Simulation of the future warming over the Egyptian Mediterranean coast

Over the past few decades, increasing frequencies and intensities of extreme weather events have been noted worldwide, which are a result of climate change. There is an increasing need to understand surface air temperature variabilities, as these are required to devise adaptation and mitigation plans for the Egyptian Mediterranean coast (EMC). The current paper sheds light on current and future trends in the surface air temperature (T2m) by using modeling techniques (the regional climate model RegCM-SVN). Various atmospheric parameters-air temperature, geopotential height, relative humidity, and zonal/meridional wind components-are used to drive the RegCM-SVN model for dynamical downscaling simulation of the period from 2006 to 2060 under the RCP2.6 (2.6 W/m(2)) and RCP8.5 (> 8.5 W/m(2)) scenarios. The results showed that the RCP2.6 and RCP8.5 scenarios over the EMC lead to significant warming, ranging from + 0.35 to + 0.38 degree celsius, suggesting a significant acceleration of T2m warming trends over the next decades. The RegCM-SVN model and ERA5 (the fifth-generation ECMWF reanalysis for the global climate and weather data) give rather similar results when simulating T2m and show a strong correlation of greater than 90% over the oceanic area and greater than 0.85% over the land area (the Sinai Peninsula and the Gulf of Aqaba) for the controlled period (2006-2020). The validation processes indicated that the RegCM-SVN model successfully simulated the increasing surface air temperature over the EMC, which is considered a major challenge posed by climate change.

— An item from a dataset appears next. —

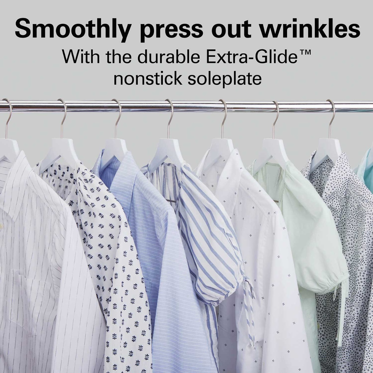 Elimine las arrugas con facilidad gracias a la resistente suela antiadherente Extra-Glide™.
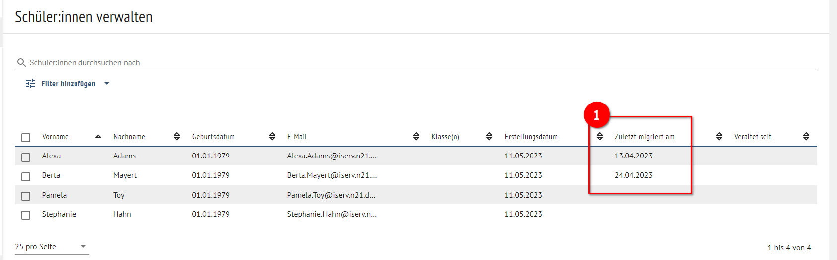 - Alle nicht migrierten Accounts werden in den Tabellen der Bereiche Verwaltung/Schüler:innen und Verwaltung/Lehrkräfte als veraltet angezeigt.

This challenge is expected to have a series of negative effects across all the sectors of human activities in Egypt (the tourism, agriculture, health, and marine sectors). Thus, understanding the dynamics of T2m over Egypt is a critical issue in coping with climate change. In the same context, determining the long-term variability of surface air temperature is essential for devising adaptation and mitigation plans over such hotspot marine areas.